Data.

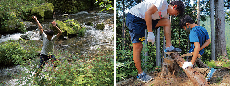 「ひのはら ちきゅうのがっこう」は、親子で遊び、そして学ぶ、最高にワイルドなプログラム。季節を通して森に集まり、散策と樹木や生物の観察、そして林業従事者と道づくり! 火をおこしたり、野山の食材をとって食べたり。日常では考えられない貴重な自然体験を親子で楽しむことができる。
---
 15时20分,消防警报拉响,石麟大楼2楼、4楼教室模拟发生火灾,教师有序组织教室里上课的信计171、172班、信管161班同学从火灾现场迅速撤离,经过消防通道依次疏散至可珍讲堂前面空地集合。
* * *
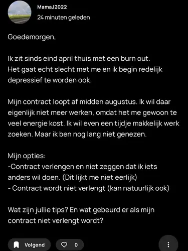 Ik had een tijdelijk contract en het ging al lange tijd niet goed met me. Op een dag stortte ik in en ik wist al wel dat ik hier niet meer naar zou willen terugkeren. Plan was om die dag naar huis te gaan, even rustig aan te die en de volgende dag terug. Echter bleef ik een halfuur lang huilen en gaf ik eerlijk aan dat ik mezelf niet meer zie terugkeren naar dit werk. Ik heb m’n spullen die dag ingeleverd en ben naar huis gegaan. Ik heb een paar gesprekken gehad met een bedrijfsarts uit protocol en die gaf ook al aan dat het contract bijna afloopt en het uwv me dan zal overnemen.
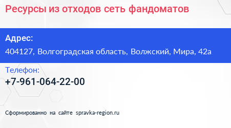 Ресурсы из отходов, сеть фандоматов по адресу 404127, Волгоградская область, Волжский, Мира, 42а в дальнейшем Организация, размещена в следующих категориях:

Instructions for the task. Go to the line above that contains "Ik had een tijdelijk" and reproduce everything exactly from there through the line that contains "Ресурсы из отходов, сеть", leaving out the pictures.

The answer.
 Ik had een tijdelijk contract en het ging al lange tijd niet goed met me. Op een dag stortte ik in en ik wist al wel dat ik hier niet meer naar zou willen terugkeren. Plan was om die dag naar huis te gaan, even rustig aan te die en de volgende dag terug. Echter bleef ik een halfuur lang huilen en gaf ik eerlijk aan dat ik mezelf niet meer zie terugkeren naar dit werk. Ik heb m’n spullen die dag ingeleverd en ben naar huis gegaan. Ik heb een paar gesprekken gehad met een bedrijfsarts uit protocol en die gaf ook al aan dat het contract bijna afloopt en het uwv me dan zal overnemen.
 Ресурсы из отходов, сеть фандоматов по адресу 404127, Волгоградская область, Волжский, Мира, 42а в дальнейшем Организация, размещена в следующих категориях:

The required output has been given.